Hallo,
meine Frau besitzt eine Kapital LV als Direktversicherung innerhalb der betrieblichen Altervorsorge.
Die Versicherung hat dies als Versorgung errechnet, der RA der Frau sagt dies ist Vermoegen.
wer kann helfen?
danke
Moin,
vielleicht hilft dir >>dieser<< Artikel schon mal weiter.
Eine als betriebliche Altersversorgung begründete Anwartschaft, die auf eine Kapitalleistung gerichtet ist, unterliegt nicht dem Versorgungsausgleich.
Gruss
Agent
Mantra:
NEIN, NICHT nächste Woche. Heute noch oder morgen. Und schreib jetzt nix vom Anwalt (...), sondern heb Deinen Hintern samt Eiern hoch und werde aktiv.
Zitat Brille007, 22. August 2008, 22:44:25
der artikel ist aus 2006, seit letzten september hat sich das glaube ich geaendert
Moin,
oh sorry.
>>Dieser<< sollte aktuell sein.
Gruss
Agent
Mantra:
NEIN, NICHT nächste Woche. Heute noch oder morgen. Und schreib jetzt nix vom Anwalt (...), sondern heb Deinen Hintern samt Eiern hoch und werde aktiv.
Zitat Brille007, 22. August 2008, 22:44:25
Die in der Ehezeit erworbenen Ansprüche aus der Direktversicherung können durch eine anteilige Teilung des Versicherungsvertrags übertragen werden.
das hoert sich aber stark nach versorgungsausgleich an, oder?
danke auf jeden fall, agent zero
Hallo,
es gitb etwas Neues, das Gericht hat mich angeschrieben und mitgeteilt, dass meine privaten RVs und die privaten RVs bzw. die betriebliche Rente meiner Ex in etwa die gleiche
Hoehe haben, daher schlaegt man vor auf einen Versorgungsausgleich hier zu verzichten.

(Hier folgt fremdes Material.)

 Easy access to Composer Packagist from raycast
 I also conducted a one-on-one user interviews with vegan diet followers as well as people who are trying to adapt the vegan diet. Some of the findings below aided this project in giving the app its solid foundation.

was die gesetzliche Rente betrifft, so habe ich etwas weniger als einen Rentenpunkt mehr waehrend der Ehe gesammelt.
kann mir jemand sagen, ob dieser Rentenpunkt dann zu Rentenbeginn geteilt wird oder ob ich das sofort im Vorraus ausbezahlen muss?
danke
moin, lollipop.
1. die bei einem versorgungsausgleich als 'auszugleichen' errechneten punkte werden üblicherweise direkt nach rechtskraft von der DRV Bund von dem einen auf das andere rentenkonto übertragen, so dass der ausgleichspflichtige spätestens bei der nächsten kontenstandsinformation die tatsächlich noch vorhandene punktezahl sieht.
2. was ich bei dir nicht ganz verstehe: wenn das gericht vorschlägt, auf einen versorgungsausgleich zu verzichten, dann ist das mit deinem 'knapp einen rentenpunkt mehr' doch vollkommen wurscht?
gruß
ulli
anm.: ein sog. rentenpunkt entspricht zur zeit etwas über (west) bzw. unter (ost) 25,- euro monatl. rente.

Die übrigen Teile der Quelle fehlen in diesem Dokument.